Trying to switch from OnceCell to Lazy

I made this minimal example:

use once_cell; // 1.17.0
use rand; // 0.8.5

use once_cell::sync::{OnceCell, Lazy};
use rand::rngs::StdRng;
use rand::{SeedableRng, Rng};

static A: OnceCell<i32> = OnceCell::new();
static B: OnceCell<i32> = OnceCell::new();

fn init() {
    let mut r = StdRng::seed_from_u64(12345);
    A.set(r.gen()).unwrap();
    B.set(r.gen()).unwrap();
}

fn main() {
    init();
    dbg!((A.get().unwrap(), B.get().unwrap()));
}

By trying to be more idiomatic (and remove a lot of .get().unwrap()) , I wanted to switch from OnceCell to Lazy since after their initialization neither A or B will change. The problem is that their initialization is order dependent, and main has to remain the same (so I cannot make a Lazy<(i32, i32)>) so the only solution I see would be to have something like static destructuring:

use once_cell; // 1.17.0
use rand; // 0.8.5

use once_cell::sync::{OnceCell, Lazy};
use rand::rngs::StdRng;
use rand::{SeedableRng, Rng};

static (A, B): Lazy<(i32, i32)> = Lazy::new(|| init());

fn init() {
    let mut r = StdRng::seed_from_u64(12345);
    A.set(r.gen()).unwrap();
    B.set(r.gen()).unwrap();
    (A, B)
}

fn main() {
    init();
    dbg!((A.get().unwrap(), B.get().unwrap()));
}

How would you achieve this ? Or maybe it's unnecessary and OnceCell are already good enough ?
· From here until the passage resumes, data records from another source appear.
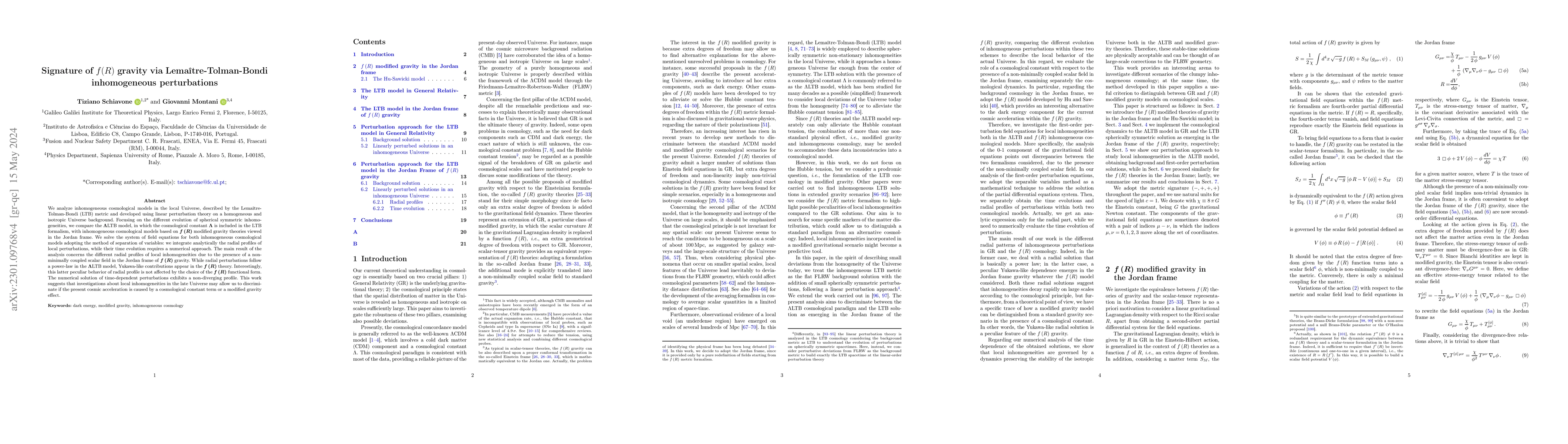 This paper examines inhomogeneous cosmological models using the Lemaître-Tolman-Bondi metric, comparing $\Lambda$LTB models with $f(R)$ modified gravity theories. It finds distinct radial profiles in $f(R)$ models due to a non-minimally coupled scalar field, suggesting that local inhomogeneities could help determine the origin of cosmic acceleration.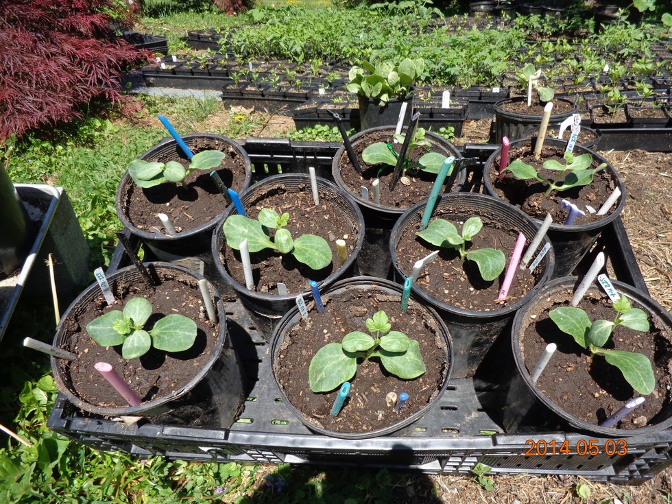 Sorry, one of the plants in the last picture was wrong. It has now been replaced with a plant with 2 sets of cots, LOL. These youngsters are loving the full sun by the way. They slept under grow lights last night. I may wait about a week or so to plant them to take advantage of the extra night lighting so they may get a little extra growth on them.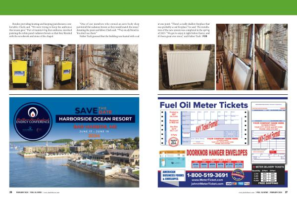 at one point . “ There ’ s a really shallow fireplace that was probably a coal fireplace ,” he said . The installation of the new system was completed in the spring of 2023 . “ We got to enjoy it right before Easter , and it ’ s been great ever since ,” said Father Tuck . l FON www . fueloilnews . com | FUEL OIL NEWS | FEBRUARY 2024 27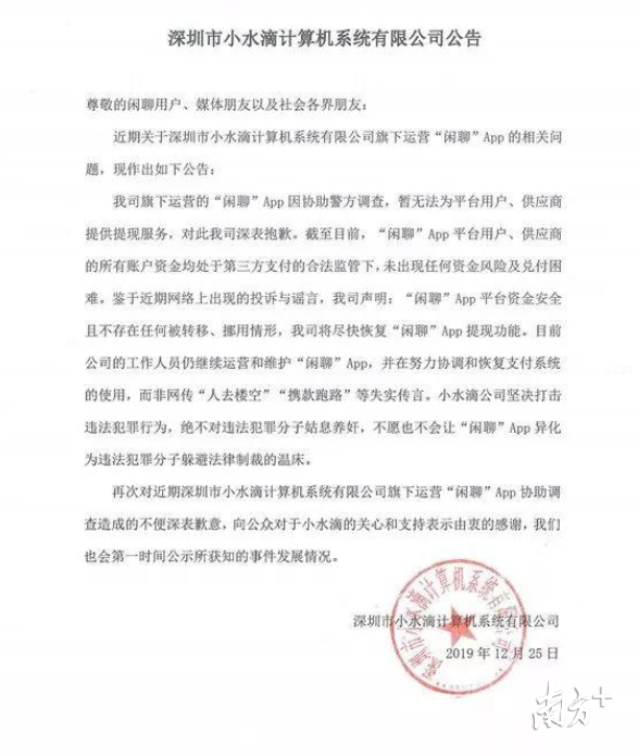 12月25日,小水滴公司在部分媒体上发布了一封公告,文中称会尽快恢复闲聊App的提现功能。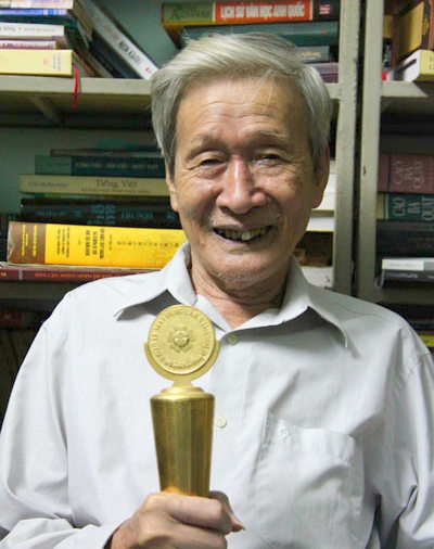 | Nhà văn Nguyễn Xuân Khánh vui với tượng Mai Vàng trên tay Ảnh: NGUYỄN ĐÌNH TOÁN |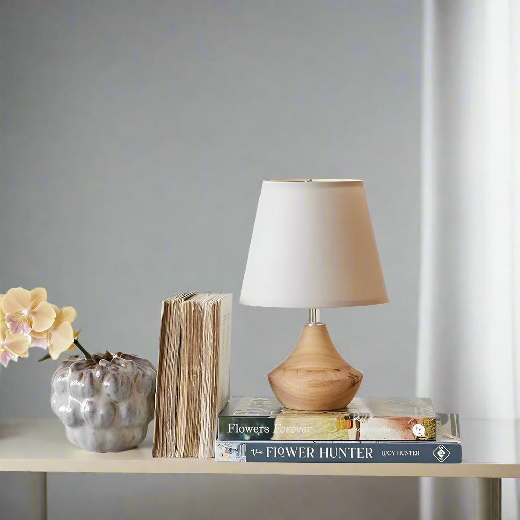 Small Eucalyptus Wood & Linen Shade Table Lamp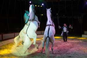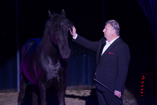 Wenig später präsentiert John Henry Spindler in seiner unnachahmlichen Art den prachtvollen Andalusierhengst „Zorro“ im roten Ring. Es ist immer wieder eine Augenweide, diesen erfahrenen Circusmann erleben zu dürfen. Hervorragende Steiger, Spanischer Tritt entlang der Piste und das tiefe durchstecken des Kopfes zwischen den Vorderhufen sind die Paradeübungen des temperamentvollen Hengstes.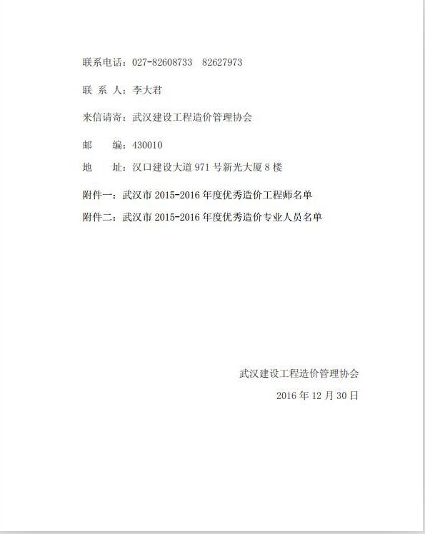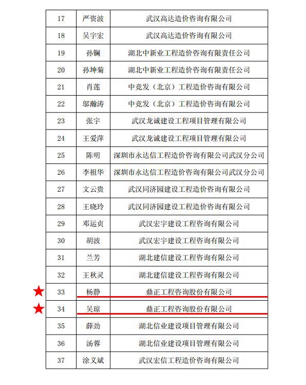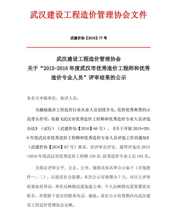 根據(jù)武建價協(xié)【2016】77號文件公示,我司員工楊靜、吳瓊榮獲2015-2016年度武漢市"優(yōu)秀造價工程師"稱號,黃建新、張恒、吳輝、彭萍榮獲2015-2016年度“優(yōu)秀造價專業(yè)人員”稱號。此次榮譽的獲得,既是對我司同志工作的肯定,也展示了鼎正人愛崗敬業(yè)、爭創(chuàng)一流的精神風貌。鼎正公司將以更加昂揚的斗志和飽滿的熱情,服務(wù)于企業(yè)、服務(wù)于社會!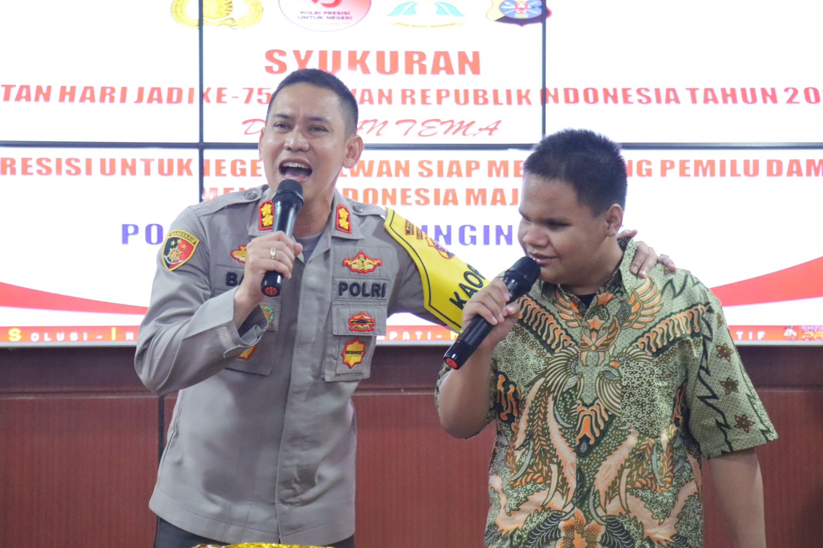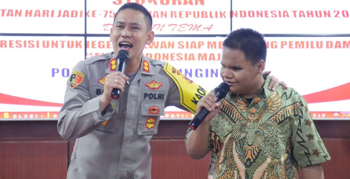 Dalam kegiatan ini juga, Kapolres duet bersama anaknda Rizky menyanyikan 2 buah lagu yang hits yaitu berjudul “Cikini ke Gondagdia dan Pergi Pagi Pulang Pagi” yang diikuti oleh para Polwan yang ikut berjoget ria.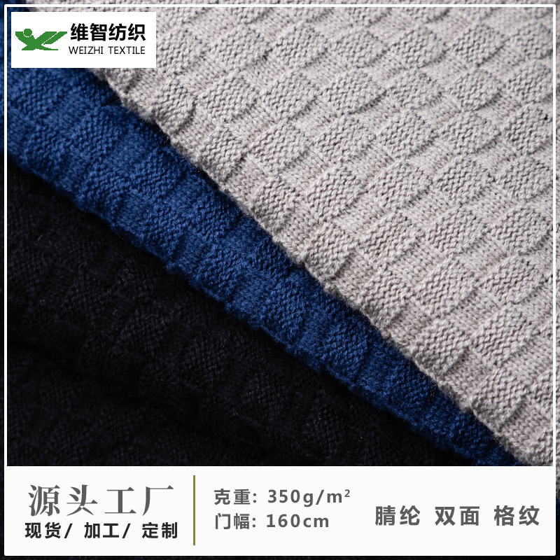 現物高品質服装ニット生地両面正方形格子柔らかいアクリルコート底シャツ粗針布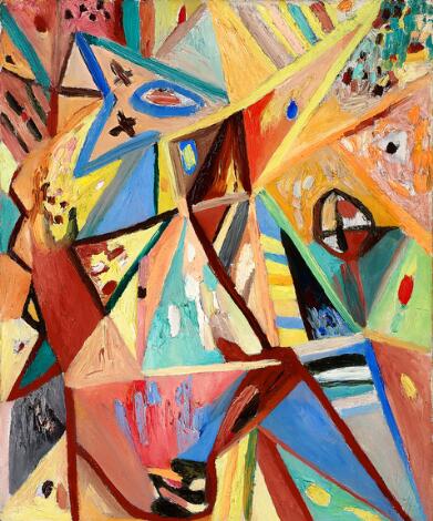 Mehmed Melih Devrim Nejad: "Formes Chinois". Sign. Néjad Paris 62 samt på bagsiden med titel og årstal. Olie på lærred. 60 x 72.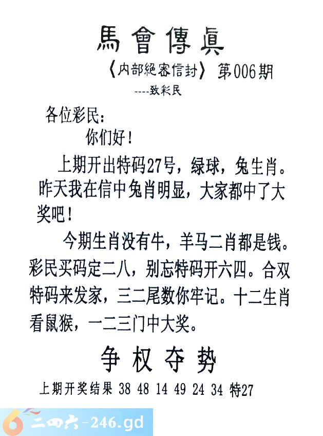006期:首发推荐:≮馬會傳眞≯→(香港正版)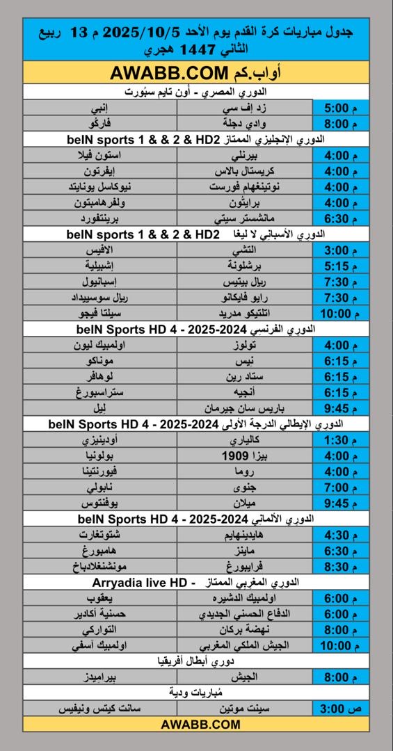 https://awabb.com/ad/%d8%ac%d8%af%d9%88%d9%84-%d9%85%d8%a8%d8%a7%d8%b1%d9%8a%d8%a7%d8%aa-%d9%83%d8%b1%d8%a9-%d8%a7%d9%84%d9%82%d8%af%d9%85-%d9%8a%d9%88%d9%85-%d8%a7%d9%84%d8%a3%d8%ad%d8%af-2025-10-5-%d9%85-13-%d8%b1%d8%a8/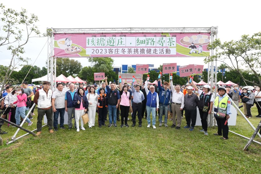 桃園市政府客家事務局29 日上午舉辦「2023客庄冬茶挑擔健走活動」,吸引數千位民眾到場共襄盛舉,健走路線從主會場石門大草坪出發,全長約4.7公里,沿線行經龍潭地區多處茶園,並能品嘗龍潭知名的龍泉茶與酸柑茶,邀請大家一起來暢遊客庄,品嚐冬茶,感受客家文化。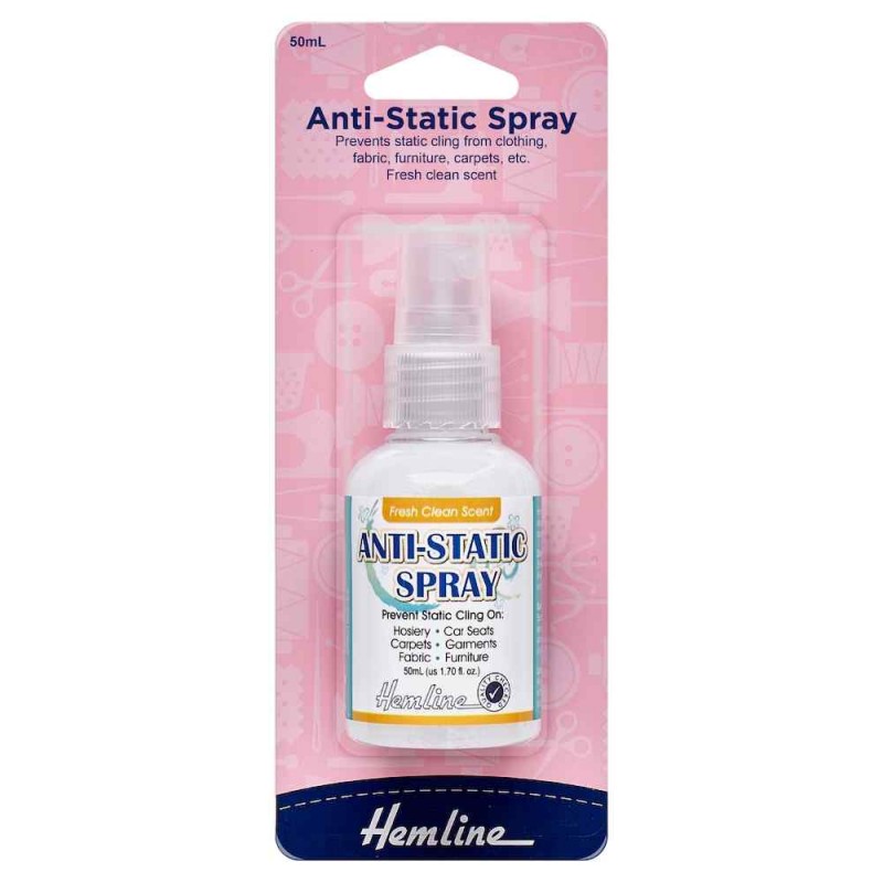 Hemline Anti-Static Spray is a convenient and effective solution for preventing static cling on a wide range of materials including hosiery, car seats, carpets, garments, fabric, and furniture. The fresh clean scent leaves fabrics smelling pleasant while eliminating annoying static. The easy-to-use spray bottle delivers a fine mist that quickly neutralizes static electricity. Compact and portable, this 50ml bottle is perfect for keeping in your sewing kit or handbag for quick refreshes.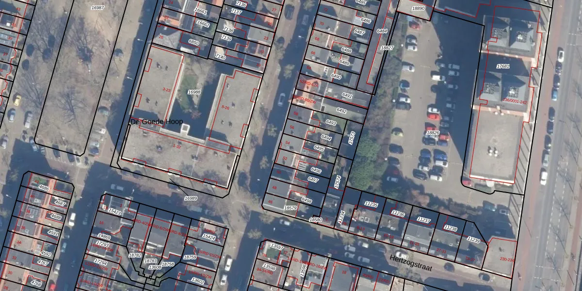 Gebruik de zoekbalk of klik op een perceel voor informatie over de adressen binnen dit perceel.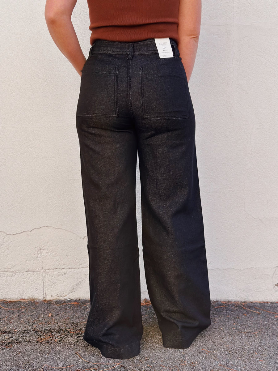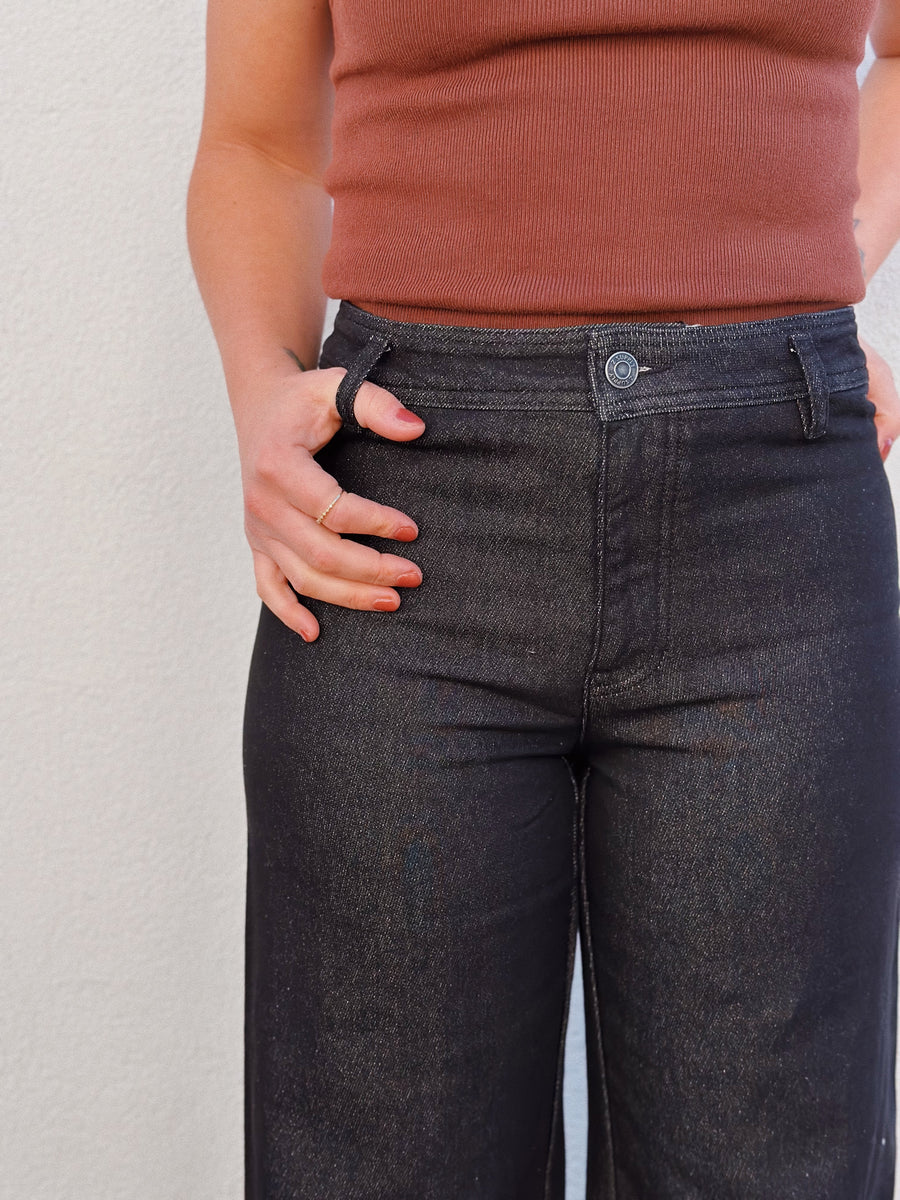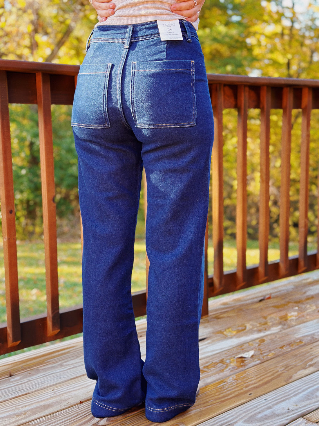 • We're excited to debut this chic mid-rise wide leg jean, crafted from premium heavyweight knit denim for a sophisticated look and durable feel. With patch pockets at the back, a structured waistband, and wide hem detail, these full-length jeans offer timeless style.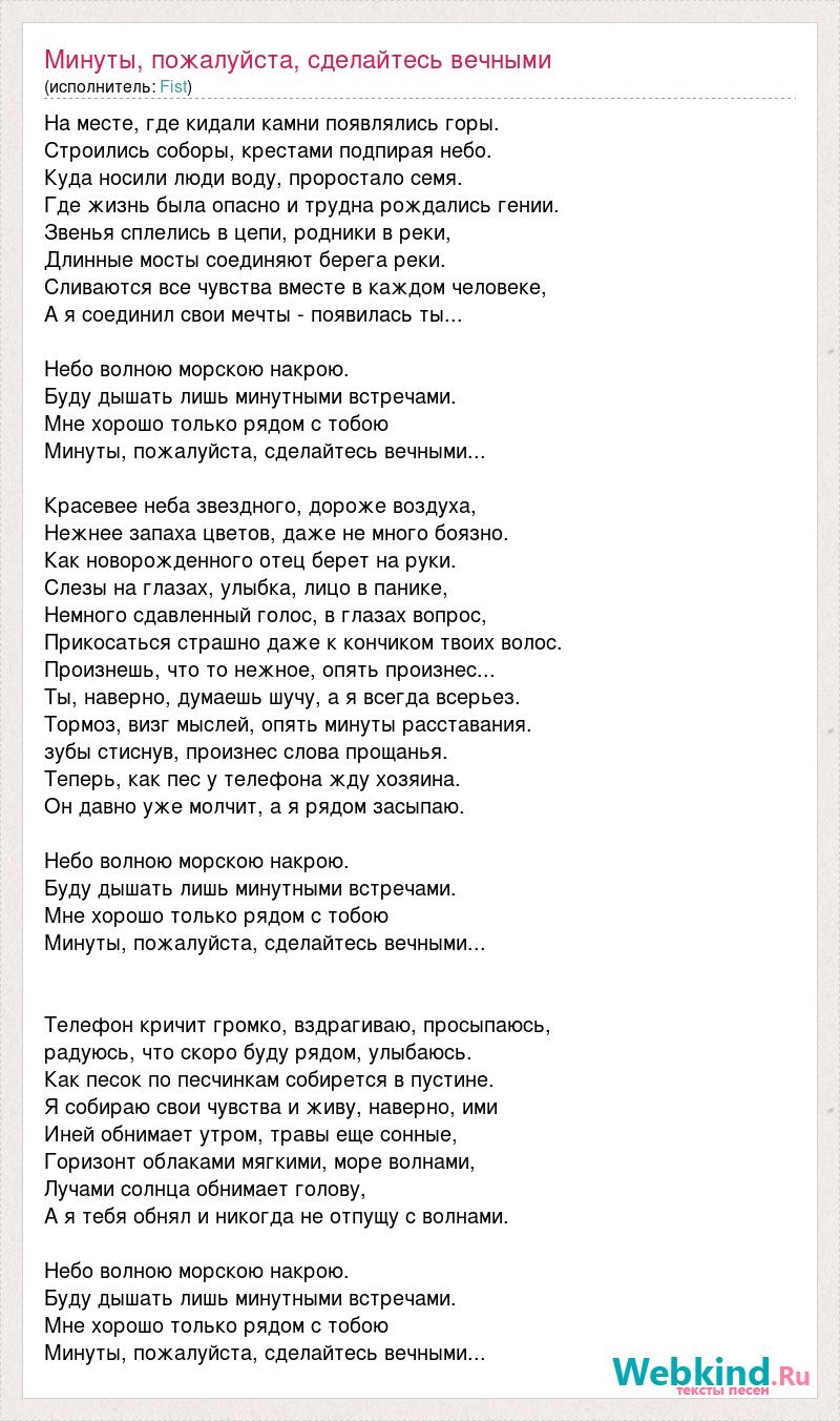 На месте, где кидали камни появлялись горы. Строились соборы, крестами подпирая небо. Куда носили люди воду, проростало семя. Где жизнь была опасно и трудна рождались гении. Звенья сплелись в цепи, родники в реки, Длинные мосты соединяют берега реки. Сливаются все чувства вместе в каждом человеке, А я соединил свои мечты - появилась ты... Небо волною морскою накрою. Буду дышать лишь минутными встречами. Мне хорошо только рядом с тобою Минуты, пожалуйста, сделайтесь вечными... Красевее неба звездного, дороже воздуха, Нежнее запаха цветов, даже не много боязно. Как новорожденного отец берет на руки. Слезы на глазах, улыбка, лицо в панике, Немного сдавленный голос, в глазах вопрос, Прикосаться страшно даже к кончиком твоих волос. Произнешь, что то нежное, опять произнес... Ты, наверно, думаешь шучу, а я всегда всерьез. Тормоз, визг мыслей, опять минуты расставания. зубы стиснув, произнес слова прощанья. Теперь, как пес у телефона жду хозяина. Он давно уже молчит, а я рядом засыпаю. Небо волною морскою накрою. Буду дышать лишь минутными встречами. Мне хорошо только рядом с тобою Минуты, пожалуйста, сделайтесь вечными... Телефон кричит громко, вздрагиваю, просыпаюсь, радуюсь, что скоро буду рядом, улыбаюсь. Как песок по песчинкам собирется в пустине. Я собираю свои чувства и живу, наверно, ими Иней обнимает утром, травы еще сонные, Горизонт облаками мягкими, море волнами, Лучами солнца обнимает голову, А я тебя обнял и никогда не отпущу с волнами. Небо волною морскою накрою. Буду дышать лишь минутными встречами. Мне хорошо только рядом с тобою Минуты, пожалуйста, сделайтесь вечными...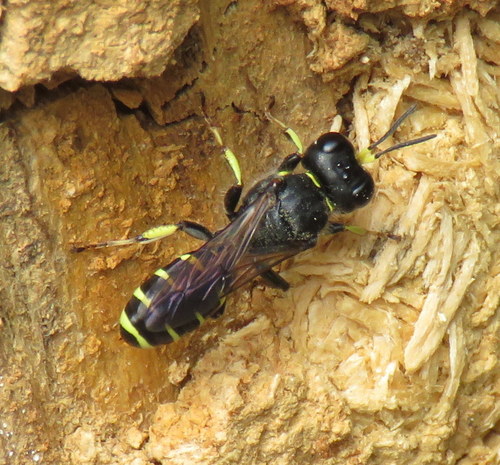 These wasps flit about from hole to hole on a spruce stump, entering some and then leaving to inspect others.\r\n\r\nBugGuide ID

What do you mean by this? If you mean that A and B must be initialized in that order, then that's exactly what you achieve by a Lazy<(i32, i32)>. Accordingly, this works predictably.

If you mean that for some weird reason, you need to syntactically preserve the variable names A and B as separate items, then just move the side-effect-less field getter logic into them, and let the initializer logic remain atomic.

2 Likes

If you still want to be able to access the values via A and B statics, you could also do something like this

Playground

use std::ops::Deref;

use once_cell::sync::{Lazy, OnceCell};
use rand::rngs::StdRng;
use rand::{Rng, SeedableRng};

static BOTH: Lazy<(i32, i32)> = Lazy::new(|| {
    let mut r = StdRng::seed_from_u64(12345);
    (r.gen(), r.gen())
});

static A: LazyA = LazyA(&BOTH);
static B: LazyB = LazyB(&BOTH);

pub struct LazyA(&'static Lazy<(i32, i32)>);

impl Deref for LazyA {
    type Target = i32;

    fn deref(&self) -> &Self::Target {
        &self.0 .0
    }
}

pub struct LazyB(&'static Lazy<(i32, i32)>);

impl Deref for LazyB {
    type Target = i32;

    fn deref(&self) -> &Self::Target {
        &self.0 .1
    }
}

fn main() {
    dbg!((*A, *B));
}

Oh, I didn't know that you could initialize some Lazys with other Lazys. Thanks !

Why couldn't you? The point of a Lazy is that it allows you to execute arbitrary code upon first access. Surely that includes accessing other globals.

The definition of Lazy<T> says that the initializer must satisfy FnOnce() -> T, i.e., a function returning a T, and in particular the default initializer type is fn() -> T, i.e., a pointer to a function that returns a value of the given type. This doesn't forbid accessing other statics in the body of the initializer. It's just a regular, plain old function.